The Self-Learning Clock Is an Ultra-Low-Power ePaper Timepiece That Improves with Age
Powered by an Espressif ESP32-S3, this clock runs from the microcontroller's internal oscillator — calibrating over time to boost accuracy.
Maker Andrea Favero has built an Espressif ESP32-powered desk clock with a difference: it "learns" as it runs, calculating its own internal clock drift and compensating accordingly — an effort, its creator explains, to push the limits of a microcontroller-powered timepiece without the use of an external real-time clock (RTC) component.
"Traditional NTP [Network Time Protocol]-based clocks frequently check in with time servers, which drains power and relies on a continuous network connection. Their accuracy drifts until the next sync," Favero explains. "The Self-Learning Clock (SLC) takes a different approach: it observes its own timing errors and builds a software correction model for its internal oscillator's drift. By applying this adaptive correction, it achieves excellent short-term accuracy and minimal long-term drift (the last gets fully compensated at NTP syncs)."

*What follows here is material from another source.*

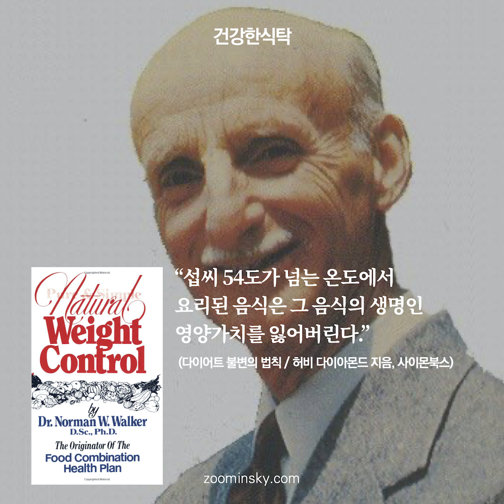허비 다이아몬드 박사의 <다이어트 불변의 법칙> 중에는 체중 조절 아니 잘 먹고 잘 살기 위한 다양한 조언이 등장한다. 그 가운데 수분이 많은 음식을 섭취하는 것이 좋다는 조언과 함께 등장하는 에피소드가 바로 노만 워커(Norman W. Walker) 박사의 저서 '자연적 체중조절 Pure & Simple Natural Weight Control(1981)'에 나오는 이야기이다. 얼마나 중요하다 싶었는지 4문단을 원문 그대로 인용했다.

Traditionally, the first step in building a clock is selecting a time source. An off-the-shelf wall clock will use a quartz crystal mechanism; a microcontroller-based clock will usually require an external real-time clock (RTC) chip, designed specifically for accurate timekeeping. It's possible to build a clock using only the microcontroller's internal oscillator, though — but as this is built to keep the microcontroller ticking through instructions rather than keeping precise time, you'll quickly see the reported time and real time diverge.

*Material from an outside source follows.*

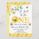 Floral Honey Bee First Bee Day Birthday Convite para Bumble Doce ou abelha de mel foi o primeiro convite de aniversário para uma garotinha com arranjos florais majoritariamente amarelos e quatro bonitinhas.

The Self-Learning Clock aims to fix that — without an RTC. Like many "smart" clocks, it's based around an Espressif ESP32-S3 microcontroller and picks up its initial time setting over NTP via on-board Wi-Fi connectivity, querying a remote server. Built with a low power draw in mind, though, it does this relatively infrequently — relying, instead of constant updates, on a deterministic self-calibration system. "It's not artificial intelligence," Favero explains of the "learning" in the project's title, "but a straightforward mathematical analysis."
This analysis sees the microcontroller — which comes with an extra 8MB of pseudo-static RAM (PSRAM), Favero having struggled to squeeze the required code into the ESP32's on-chip SRAM — compare its internal timekeeping with the NTP-reported time, adjusting for discovered drift automatically. The longer it runs, the more it "learns" — and the smaller the error between internally-tracked time and actual time.
This, Favero says, allows for less-frequent NTP updates and more time in deep-sleep, with the microcontroller waking for less than a second every minute. Combined with the use of an ePaper display, which requires power only when changing states, that allows for a long run-time on battery power alone.
The project is documented in full, complete with a bill of materials, on Instructables; source code and 3D print files for the clock housing are available on GitHub under the permissive MIT license.